[Records contained in a dataset]
---

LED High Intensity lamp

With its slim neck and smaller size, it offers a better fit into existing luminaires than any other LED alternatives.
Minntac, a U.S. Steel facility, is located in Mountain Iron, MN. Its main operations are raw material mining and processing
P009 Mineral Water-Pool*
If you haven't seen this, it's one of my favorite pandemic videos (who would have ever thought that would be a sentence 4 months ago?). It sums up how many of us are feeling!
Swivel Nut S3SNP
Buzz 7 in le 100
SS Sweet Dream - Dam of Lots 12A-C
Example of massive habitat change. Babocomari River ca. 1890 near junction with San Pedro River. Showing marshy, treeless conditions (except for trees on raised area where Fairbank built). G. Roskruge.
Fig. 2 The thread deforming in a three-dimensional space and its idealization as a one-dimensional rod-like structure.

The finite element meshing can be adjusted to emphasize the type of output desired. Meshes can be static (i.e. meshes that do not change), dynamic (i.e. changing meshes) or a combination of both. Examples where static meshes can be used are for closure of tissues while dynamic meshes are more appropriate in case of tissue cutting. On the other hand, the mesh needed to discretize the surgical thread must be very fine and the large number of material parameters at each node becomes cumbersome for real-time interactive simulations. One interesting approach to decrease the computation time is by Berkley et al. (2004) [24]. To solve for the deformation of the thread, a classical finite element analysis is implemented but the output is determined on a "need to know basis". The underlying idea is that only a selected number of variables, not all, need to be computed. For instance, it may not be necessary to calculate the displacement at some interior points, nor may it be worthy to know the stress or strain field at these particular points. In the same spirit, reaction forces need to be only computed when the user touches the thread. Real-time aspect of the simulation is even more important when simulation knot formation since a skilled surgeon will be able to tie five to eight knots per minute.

---

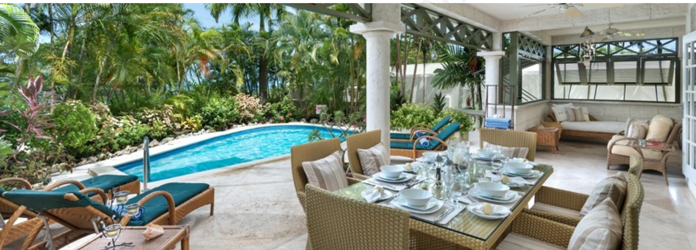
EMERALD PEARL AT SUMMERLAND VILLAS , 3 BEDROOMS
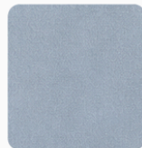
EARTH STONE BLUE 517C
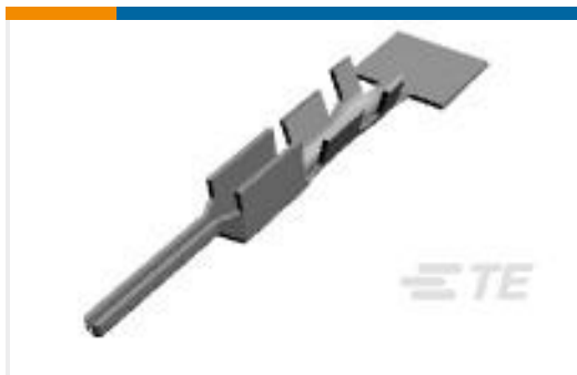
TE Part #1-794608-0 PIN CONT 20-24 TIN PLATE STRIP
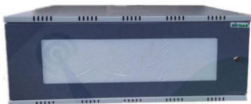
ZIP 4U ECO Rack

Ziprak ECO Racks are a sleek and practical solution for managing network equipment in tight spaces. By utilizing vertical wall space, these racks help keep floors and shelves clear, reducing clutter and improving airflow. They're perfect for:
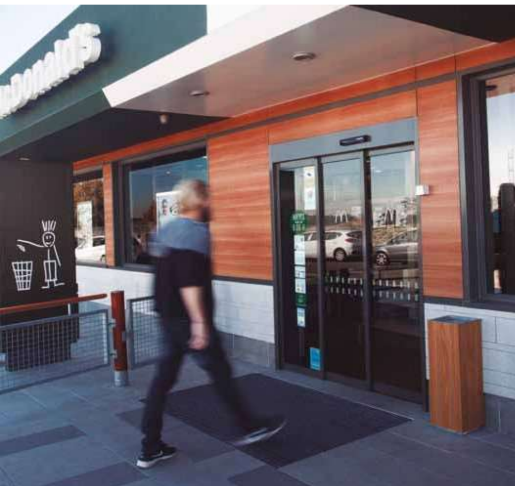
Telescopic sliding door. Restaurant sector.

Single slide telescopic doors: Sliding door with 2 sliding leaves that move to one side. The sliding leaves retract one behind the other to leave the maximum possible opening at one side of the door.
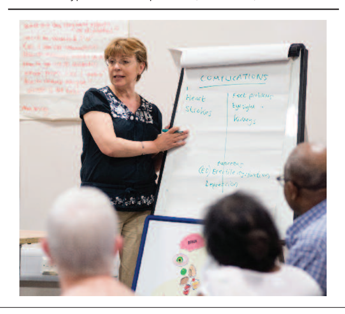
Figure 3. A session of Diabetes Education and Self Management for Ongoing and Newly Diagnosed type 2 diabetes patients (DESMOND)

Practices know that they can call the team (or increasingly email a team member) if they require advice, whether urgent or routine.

---

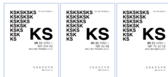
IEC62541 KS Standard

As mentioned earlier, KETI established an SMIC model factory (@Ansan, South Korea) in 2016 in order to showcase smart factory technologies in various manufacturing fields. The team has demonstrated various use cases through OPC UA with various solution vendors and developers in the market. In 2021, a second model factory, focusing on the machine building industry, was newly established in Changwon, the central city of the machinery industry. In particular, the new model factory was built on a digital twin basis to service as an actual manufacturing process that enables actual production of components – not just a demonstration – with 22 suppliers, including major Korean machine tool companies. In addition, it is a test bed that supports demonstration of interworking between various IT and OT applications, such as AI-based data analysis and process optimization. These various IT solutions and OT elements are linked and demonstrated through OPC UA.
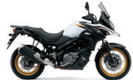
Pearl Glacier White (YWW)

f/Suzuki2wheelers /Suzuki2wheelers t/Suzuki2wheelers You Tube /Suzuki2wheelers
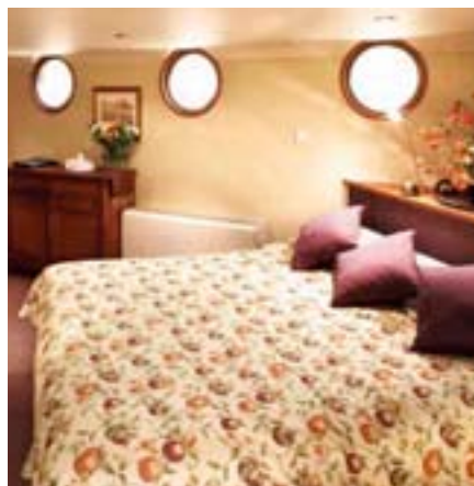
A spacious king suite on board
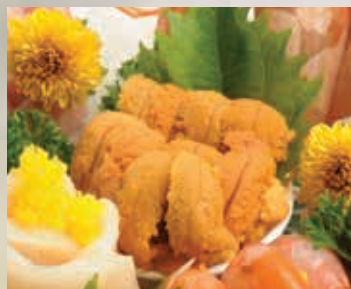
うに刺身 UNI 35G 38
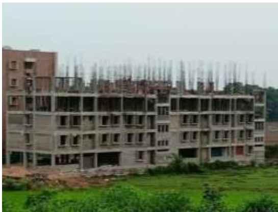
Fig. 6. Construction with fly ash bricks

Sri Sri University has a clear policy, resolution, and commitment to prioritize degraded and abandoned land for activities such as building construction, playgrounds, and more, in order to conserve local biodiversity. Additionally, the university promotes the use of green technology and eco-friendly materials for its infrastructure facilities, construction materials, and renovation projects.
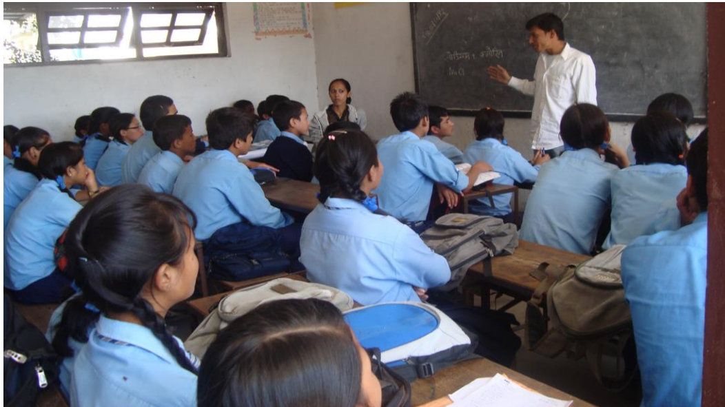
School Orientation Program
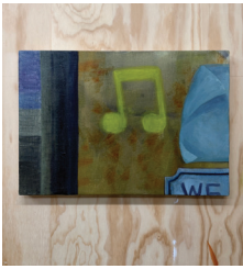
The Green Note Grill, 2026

---

Starting at the line above with "EARTH STONE BLUE 517C", output every line exactly up to and including the line with "ZIP 4U ECO Rack", but none of the pictures.

Result of this exercise
EARTH STONE BLUE 517C
TE Part #1-794608-0 PIN CONT 20-24 TIN PLATE STRIP
ZIP 4U ECO Rack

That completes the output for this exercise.